Il y là un discrédit de la parole politique qui a des conséquences que nous pouvons quotidiennement vérifier et qui font le lit des discours les plus répugnants qui fleurissent aujourd’hui.
Il y est aussi question d’amour dans Cassandre...
D’un amour formidable. Celui de Cassandre et Énée. La première fois qu’Énée rencontre Cassandre – ils ne se sont jamais vus – il lui dit : « Pardonne-moi, je n’ai pu venir plus tôt. » Peut-on imaginer plus belle déclaration d’amour ?
... et d’enfermement.
Cassandre est prisonnière d’Agamemnon à Mycènes. Or elle a déjà été incarcérée chez les Troyens. On s’aperçoit, au fil de l’œuvre, que Cassandre a toujours été enfermée, enfermée dans son refus du mensonge, enfermée parce que personne ne l’a jamais crue.
C’est la malédiction d’Apollon : « Apollon te crache dans la bouche ».
Apollon offre à Cassandre le don de divination, mais, parce qu’elle se refuse à lui, lui crache dans la bouche – ce qui l’empêchera à jamais de se faire comprendre ou d’être crue.
Cassandre sait l’avenir, mais n’empêchera rien.
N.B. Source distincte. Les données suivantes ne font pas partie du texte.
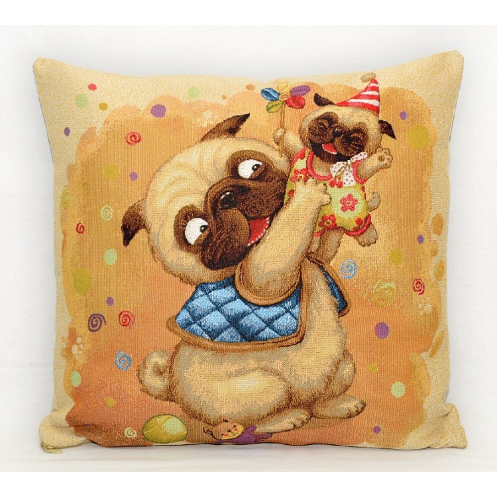 Гобеленовая Наволочка "ГС Мопс День рождения" (45х45)

Ce qui fait écho à notre propre situation. À notre sentiment d’impuissance face à un monde dont nous devinons qu’il court à la catastrophe. À nos « plus jamais ça » que nous ressassons indéfiniment.
Cassandre occupe une place paradoxale au cœur de la cité : fille de roi et prêtresse, elle est dedans et dehors, toujours un peu à côté, en décalage. C’est de cette position indécise, instable, qu’elle nous fait entendre la petite voix, essentielle, fondatrice, qui refuse le mensonge et incarne une forme de droiture. Elle ne fait pas preuve d’un courage extraordinaire, elle a peur, ne se donne pas en exemple, et n’a aucun goût pour l’héroïsme. Mais, devant le mensonge et ses inévitables conséquences, elle refuse l’acquiescement, l’assujettissement et devient un pur refus, un « non » intégral. Ce qui donne à cette œuvre son ouverture et sa lumière.
Cassandre me fait un peu penser aux lanceurs d’alerte qui rendent publics des secrets d’État, n’attendent aucun profit personnel de leurs révélations, ne sont pas écoutés et sont condamnés. Ils questionnent l’acte politique, et distribuent autrement les places dans la cité.